To the Editor:
Much has been written about rocketing biotech stock prices and the opening of public markets to biotech companies over the past 18 months. But access to public funding brings with it substantial costs and regulatory burdens imposed by the disclosure requirements of US securities laws. Public companies undertake an onerous burden of providing disclosure, sometimes with so much detail that investors are overwhelmed. It is, therefore, timely that the chair of the US Securities and Exchange Commission (SEC), Mary Jo White, is acknowledging this disclosure burden and mandating that SEC staff undertake regulatory changes to reduce it. This presents an opportunity for biotech companies and the Biotechnology Industry Organization (BIO; Washington, DC, USA) to make their voices heard and provide recommendations to the SEC on what changes would reduce the disclosure burden while still providing investors with the necessary information on which to base investment decisions.

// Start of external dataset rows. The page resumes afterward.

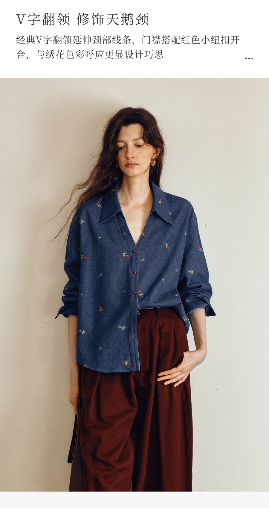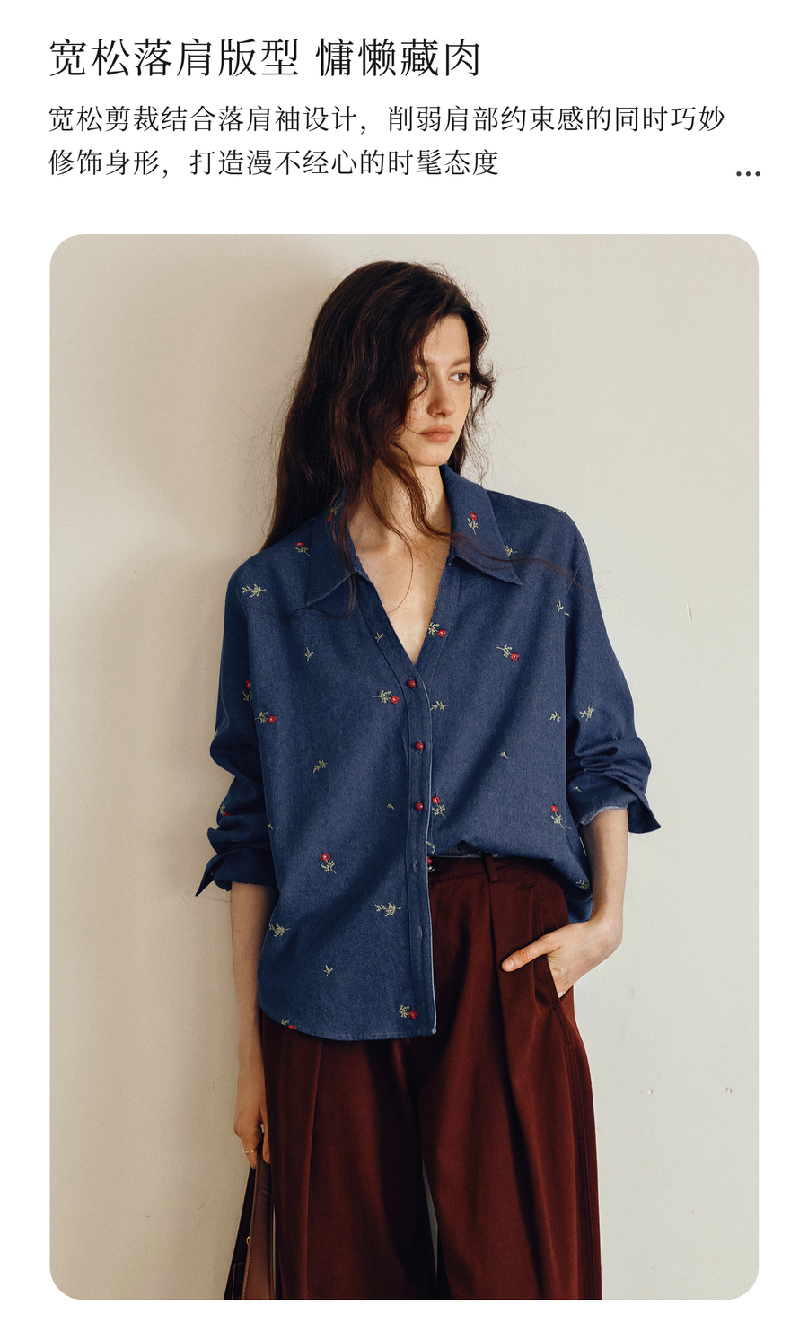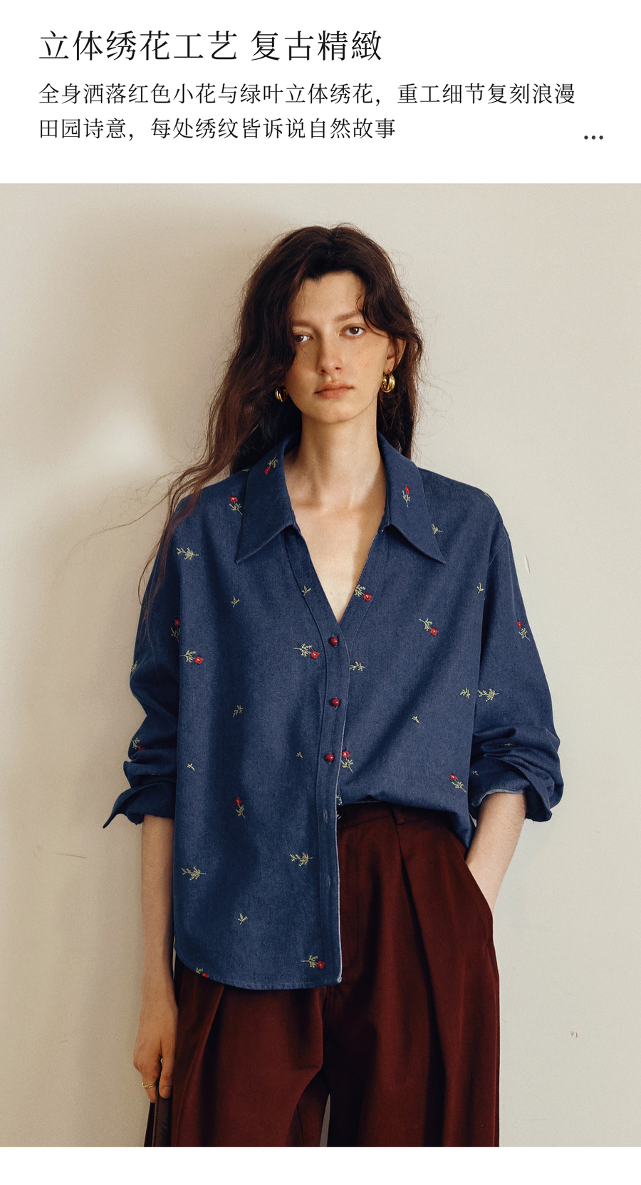 OLrain欧芮儿2025新款女秋季法式复古慵懒宽松绣花牛仔长袖衬衫
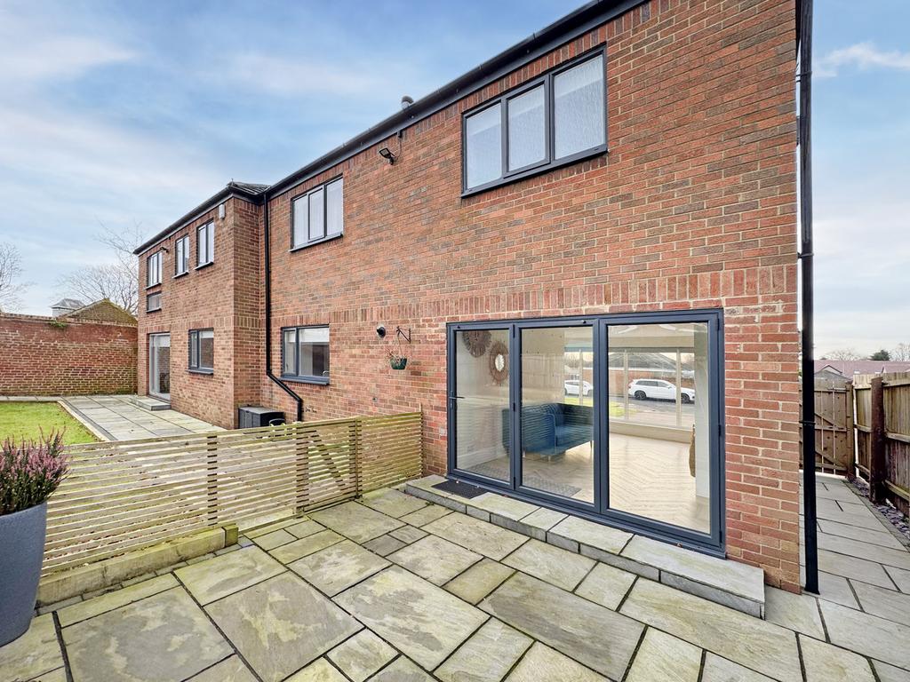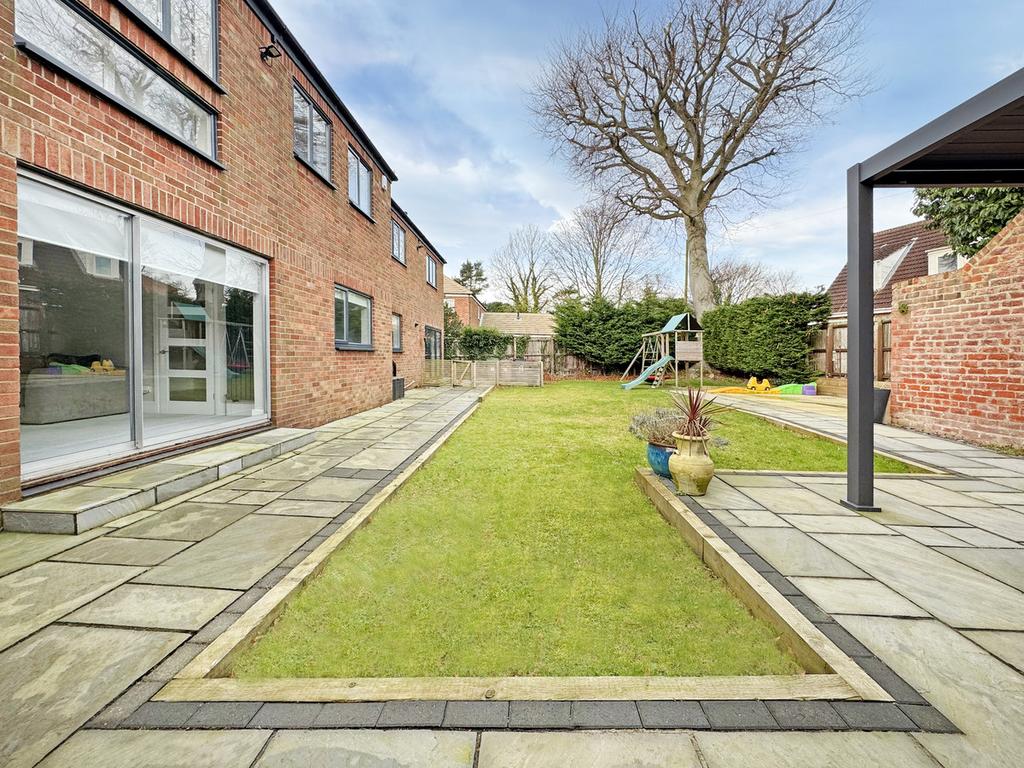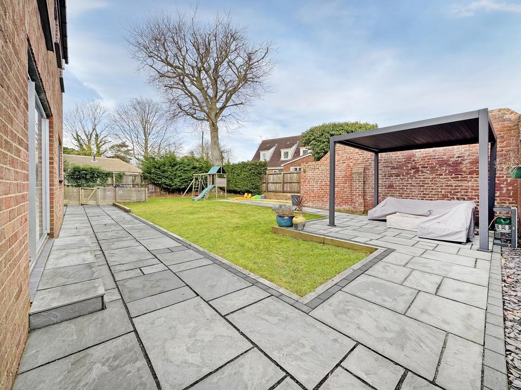 The private rear garden has been landscaped, presenting a blend of pale grey stone tiled patios and pathways with edge detailing, along with a central lawn.
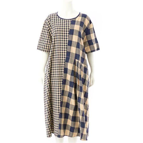 チェック切り替えワンピース【ALDILA】ネイビー ※限定販売
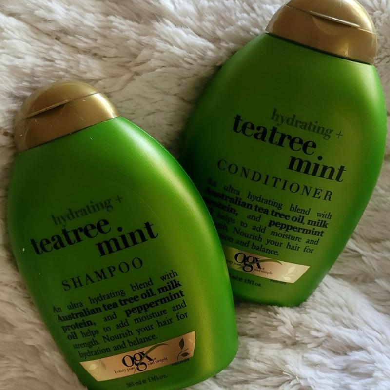 Amazon Com Ogx Hydrating And Tea Tree Mint Shampoo Nourishing Invigorating Scalp Shampoo With Tea Tree Peppermint Oil Milk Proteins Paraben Free Sulfate Free Surfactants 13 Oz Pack Of 4
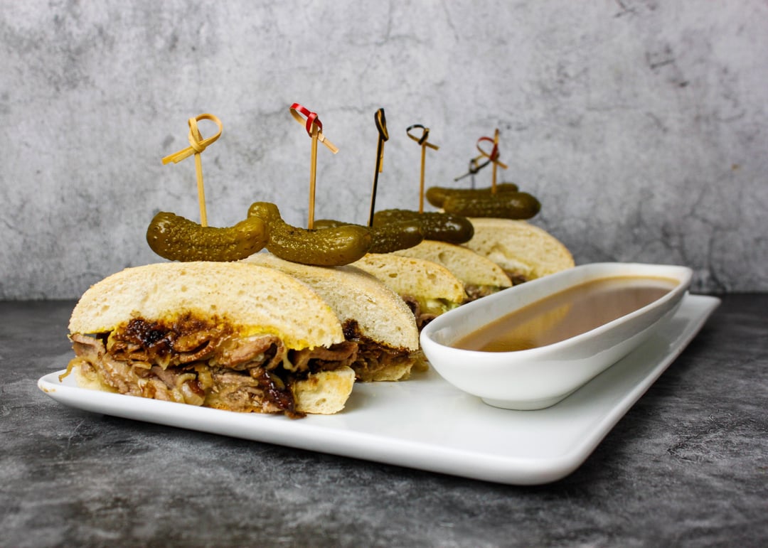 6: French dip sandwiches with gruyere and caramelized onion on potato rolls.
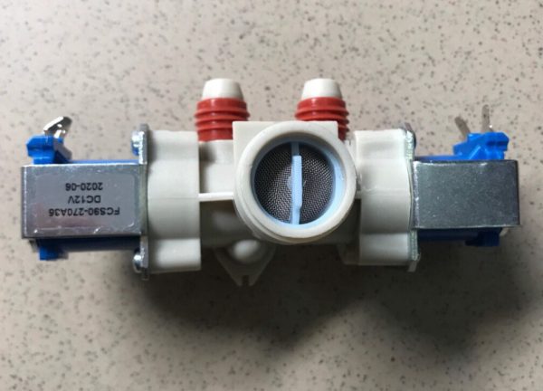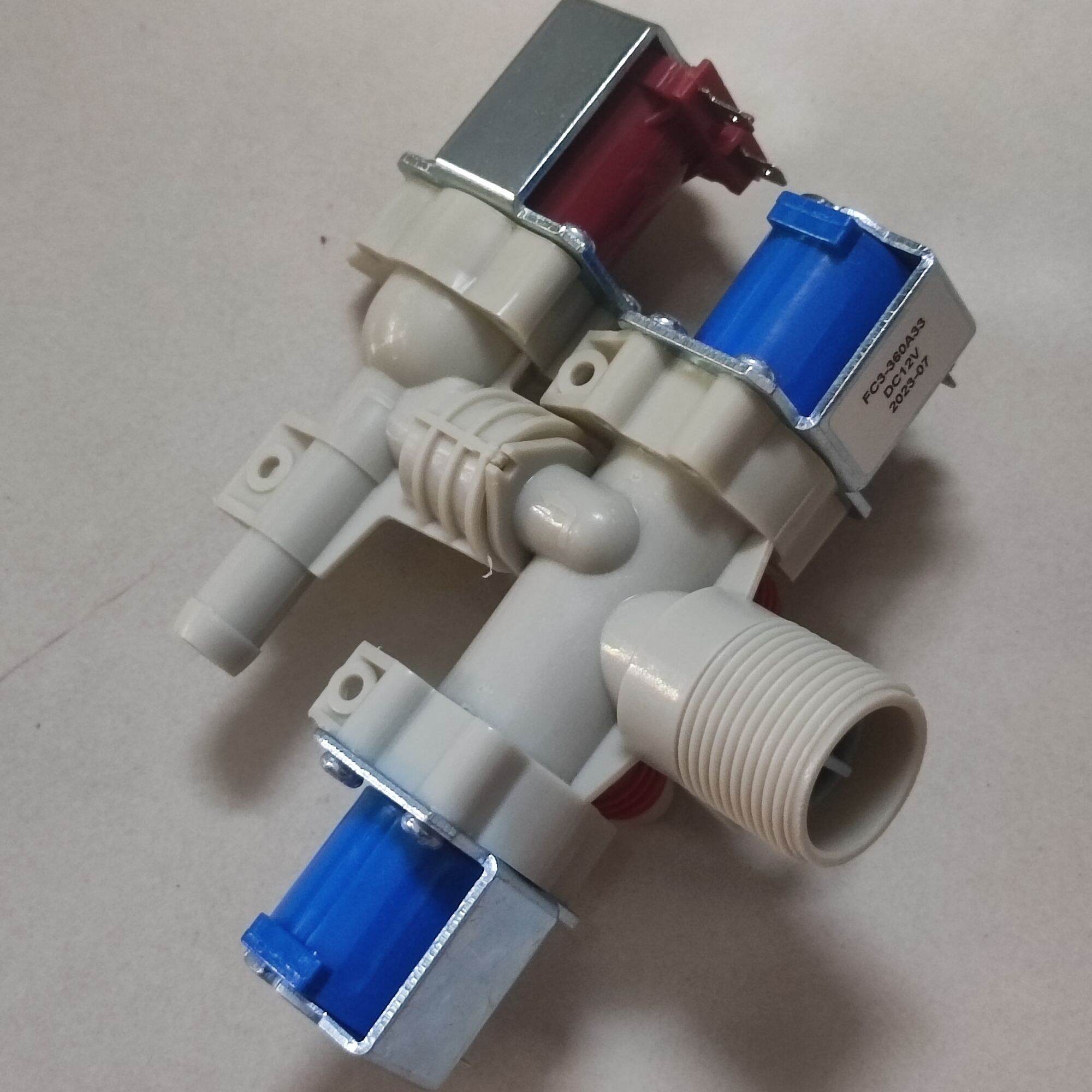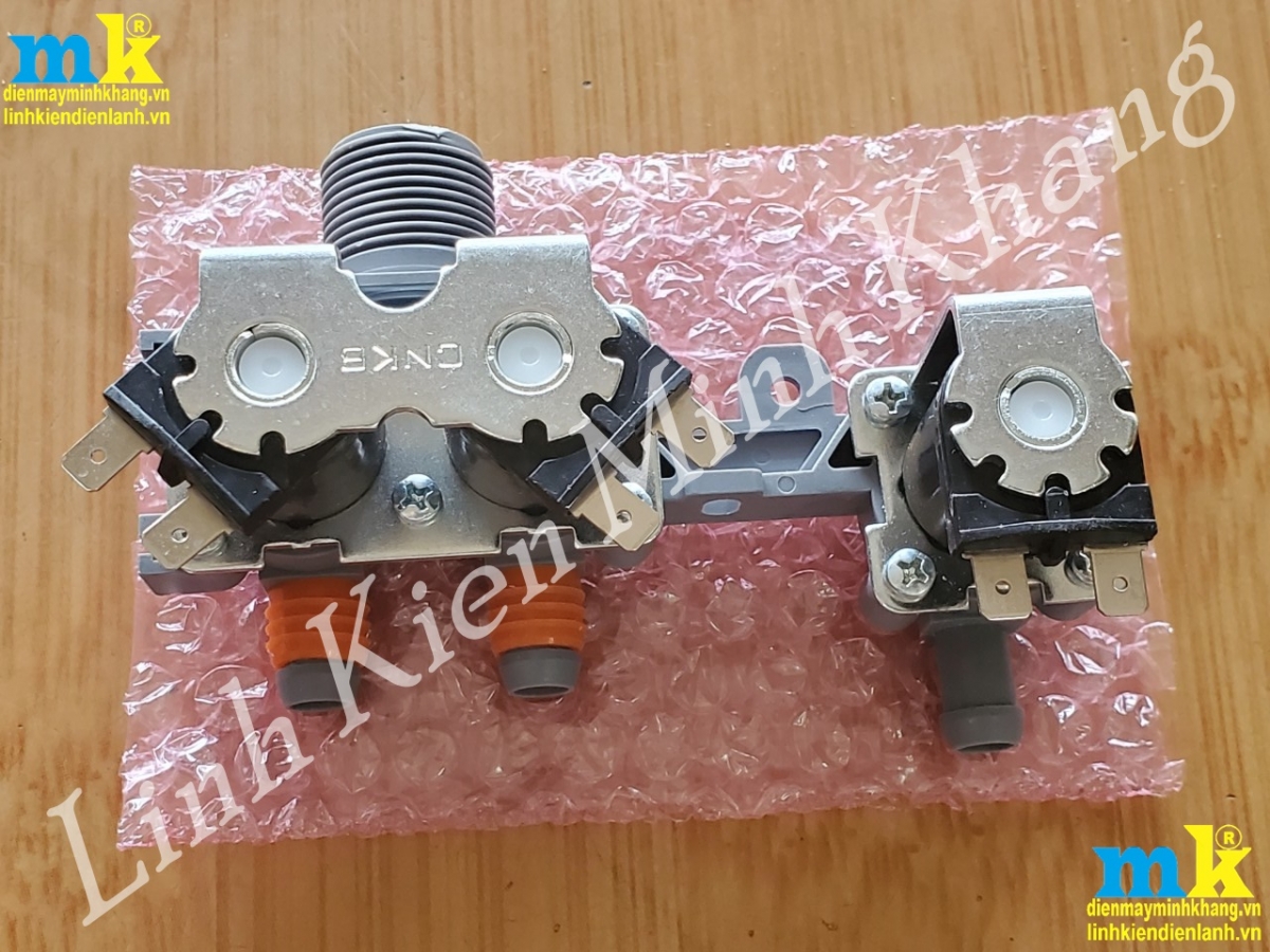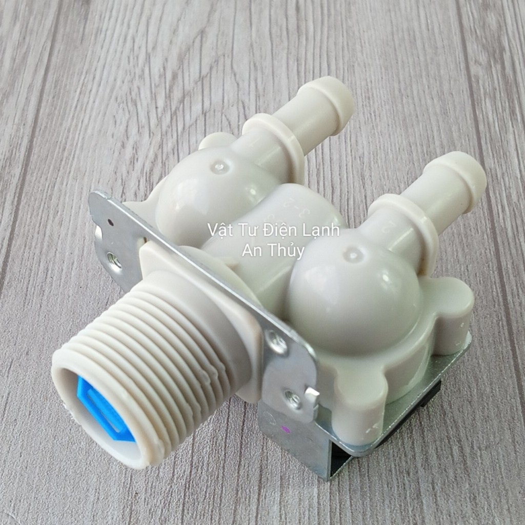 Thường dùng cho máy LG cửa trước lẫn cửa trên, loại này có 2 cổng ra (2 ngõ), điện áp DC 12V, hoạt động êm ái với cuộn dây điện từ. Khi máy cần nước, điện kích hoạt từ trường hút lõi van mở ra, nước chảy mạnh mẽ.
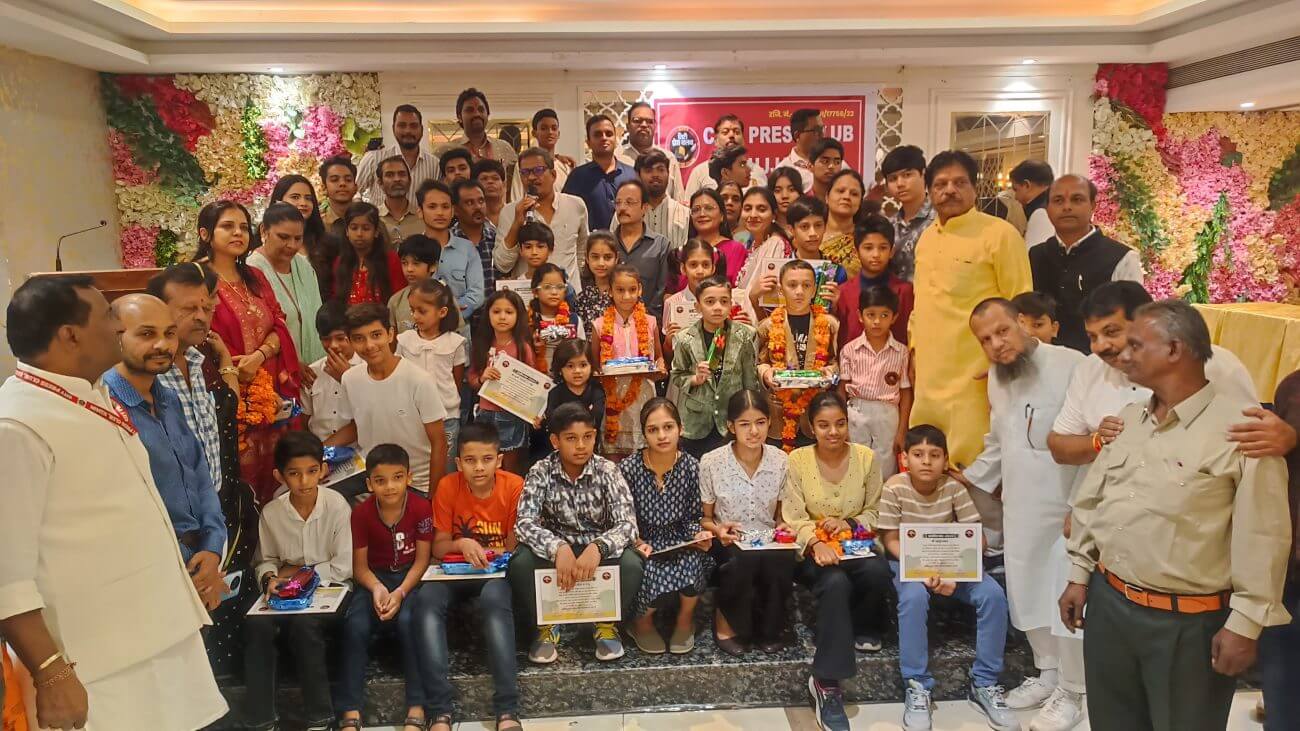 रविवार की दोपहर मुख्यमंत्री डॉ मोहन यादव ने होटल विक्रमादित्य के सभागृह में नगर के मीडियाकर्मियों के प्रतिभावान बच्चों का सम्मान किया । स्कूल से लेकर हायर एजुकेशन तक सफलता का परचम लहराने वाले बच्चे अपने माता-पिता के साथ मंच पर मुख्यमंत्री को पाकर प्रसन्न थे। 50 प्रतिभाशाली बच्चों के सम्मान समारोह में नगर के प्रिंट मीडिया, इलेक्ट्रॉनिक मीडिया और अन्य क्षेत्रों के पत्रकार बड़ी संख्या में उपस्थित है। सम्मान पत्र देकर बच्चों को पुष्पमाला पहनाकर अभिनंदन किया गया।

Over the years, as a result of corporate scandals involving companies such as Enron (Houston) and WorldCom (Jackson, MI, USA), class-action litigation, court and administrative decisions, and SEC regulatory requirements affecting disclosure, accounting and other areas, the burden of preparing prospectuses and periodic reports for investors has increased dramatically both in volume and complexity. The Jumpstart Our Business Startups Act (JOBS Act) enacted in the United States in 2012 was a welcome step in recognizing the unnecessary expense and impediments for small companies seeking to access the US public capital markets. Part of that law involved streamlining some of the requirements for many companies seeking to raise capital through an initial public offering (IPO) and mandated that the SEC review and revise the disclosure requirements imposed on public companies. In addition to the report issued by the SEC staff pursuant to this legislation, SEC commissioners have acknowledged the problem of investors being overwhelmed by unnecessarily detailed and repetitive information presented in response to an ever-increasing list of SEC requirements, in some cases arising out of politically motivated disclosure mandated by the US Congress. These have included disclosure with respect to "conflict minerals" that originated in the Democratic Republic of the Congo and are used in a company's products, as well as "pay ratio" rules requiring companies to disclose the ratio of CEO pay to that of employees. For the most part, these burdensome disclosures are not material to an investment or voting decision by an investor in a particular company.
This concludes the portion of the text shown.